Seeing as we are talking dates at the start of the reviews, I passed my driving test in the January of 1996, a few weeks later I got my first car. The first journey I ever took on my own was to Easy Listening Records. A brilliant shop (its gone now, of course it is…) and while there I bought Terrorvision’s “Perseverance” single.

They play it last tonight, and a thousand or so party like it’s the last century.

I say that because it is Terrorvison in microcosm.

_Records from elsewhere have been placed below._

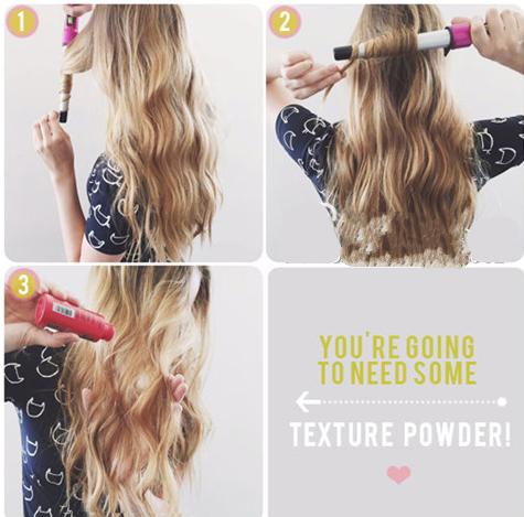 STEP1:用32mm的卷发棒为发梢施加卷度。STEP2:取出头顶的发丝,如图所示。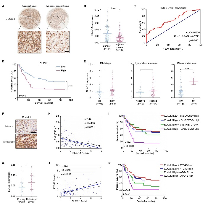 与癌旁组织相比,胃癌组织中ELAVL1水平显著升高。且在TNM分期为III/IV期、淋巴结转移阳性及具有远处转移的组织中,ELAVL1表达明显增加(图5A-G),表明ELAVL1与胃癌转移密切相关。胃癌组织中相关性分析发现,ELAVL1表达水平与circSPECC1呈明显负相关,与ATG4B呈正相关。两两联合分析对于患者生存期预测具有重要意义(ELAVL1表达越高同时circSPECC1表达越低、ELAVL1及ATG4B同时表达较高的患者生存期越短)(图5H-K)。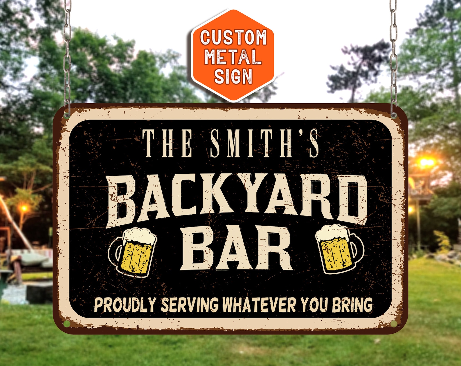 You choose the text. Be detailed and consider it will need to fit so will be smaller the longer or more words it is. Will be in shown font and you choose the background. Note wood and rust are not real so safe to the touch.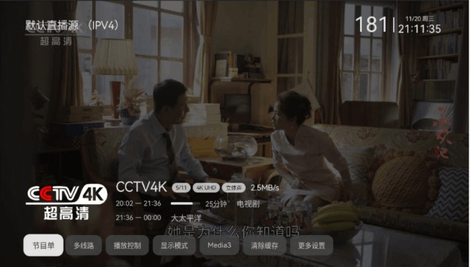 1.如果大家在使用小飞电视时遇到了4K和8K频道没有声音,是因为采用的是av3a三维菁彩声我们需要双击屏幕或者按菜单键调出菜单。

They’ve endured throughout the years – and its been ages since they’ve released an album “proper” – because they’ve got fabulous songs, that connected, somehow, even if they are about “Whales and Dolphins” and no one is quite sure what it all means.

Actually it’s a bit more than that. They still connect because for almost 30 years its been impossible to watch a Terrorvision show without smiling and moreover they never, ever look like they are going through the motions.

So for an hour and a half tonight you get to wallow in nostalgia/watch some of the finest songs you have ever heard – delete as appropriate, played by a band that looks like it would rather be nowhere else right now.

It is a heady mixture.

“Alice, What’s The Matter?” Ageless brilliance, then a couple from the oft overlooked debut record, “New Policy One” and “American TV” and we are off and running.

Not much chat (“cheering is better than talking” as Tony Wright puts it) just song after song fired at you, “Enteralterego”, the glorious punk fizz of “If I Was You” and the catchy as the flu (coronavirus if I am being topical?) “Sometimes I’d Like To Kill Her” which kind of proves that these boys can spin gold out of everything.

The mega hit, “Tequila” (and I was there the day it hit number one and Wright was passing out shots to the crowd in Dudley one Sunday night when the dancefloor broke such was the bouncing), the playful “Josephine” (featuring backing vocals from Chris Catalyst of Eureka Machines, who is playing keyboards tonight) and then “D’ya Wanna Go Faster?” and you think : “yeah that sums them up, because even in their 50s as Wright is these days, they have a hyper enthusiasm for this.

“Middleman” and “Oblivion” end the set, but these are rock stars, so they do encores. Except they are still Terrorvision, so with a cheery: “we’ve played all the songs we know, but its freezing backstage” they do their Christmas one (“just 240 days to go….”) then “Pretend Best Friend” and then the one that began this review. Whales and dolphins and all.

The thing about Terrorvison is they have never in all the 26 years since I bought their second record, claimed to be anything they aren’t. I saw them last year second on the bill to The Levellers at an outdoor show and they were just as glorious there as they were here, because essentially, they are just doing what comes naturally. But they are more than just a “festival” band as it were. Instead, Terrorvision are, at this point, national treasures.